2. USING UUDECODE VER. 1.2a:

UUDECODE VER. 1.2a is normally sent by e-mail as an Atari BASIC ".LST" file. This means that it consists of only printing characters itself, and can be mailed, printed, etc. without difficulty. On the other hand, the first time you run it, you will have to "ENTER" it into BASIC with a command like 'ENTER "D:UUDECODE.LST"<RETURN>'. Then you should SAVE it with the command 'SAVE "D:UUDECODE.BAS"<RETURN>'. Thereafter, you can run it under BASIC with the RUN command instead of the ENTER command. You will immediately notice that RUN works significantly faster. This is true because SAVED files are in tokenized form. You can delete the .LST file if you wish, because it can always be reconstructed using the LIST command, but you should be sure to keep a backup copy of UUDECODE in some form on a separate disk from the one you normally run it from. Keeping the .LST file around is handy if you decide to e-mail it to someone else someday.
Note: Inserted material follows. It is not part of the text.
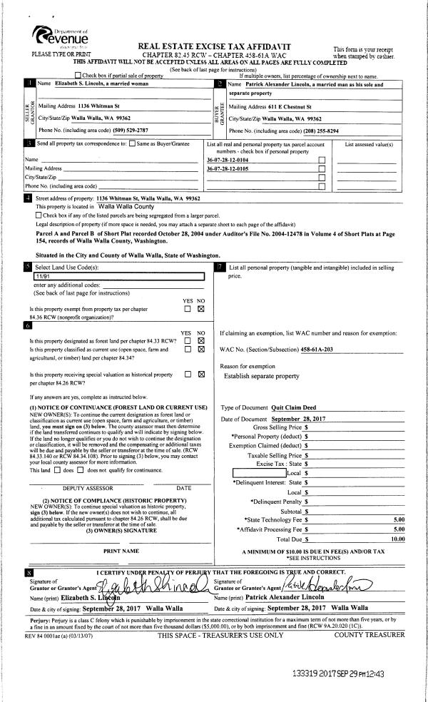 | 3 | 09/28/2017 | QCD | QUIT CLAIM DEED | LINCOLN ELIZABETH S | LINCOLN PATRICK ALEXANDER | | 2-PARCELS | | 133319 | 2017-07730 |

Once you have UUDECODE running, it will ask you for the input file you wish to uudecode and the filename you want the output to be sent to. You should give it the exact input file specification you want it to use, i.e. including device, filename, and extension. Normally, uuencoded files are given the extenion ".UUE", but you will have to tell the program that. On the output file specification, however, the program will accept either a null input (just a <RETURN>) or a device specifier like D1: without a filename, or you can again specify the full filename and extension. In the first two cases, it will attempt to read the filename from the "begin" line of the uuencoded input file. If you don't even specify a device name, it will assume "D1:" and will so inform you. If it cannot successfully OPEN the file it thinks you want, it will give you another chance to enter the output filename. Before it gets to this point, however, it will have printed the "begin" line if one was found, so you may have a clue as to what went wrong, e.g. a filename was given which is not valid for your DOS. In that case, you should think up a valid filename that seems suitable.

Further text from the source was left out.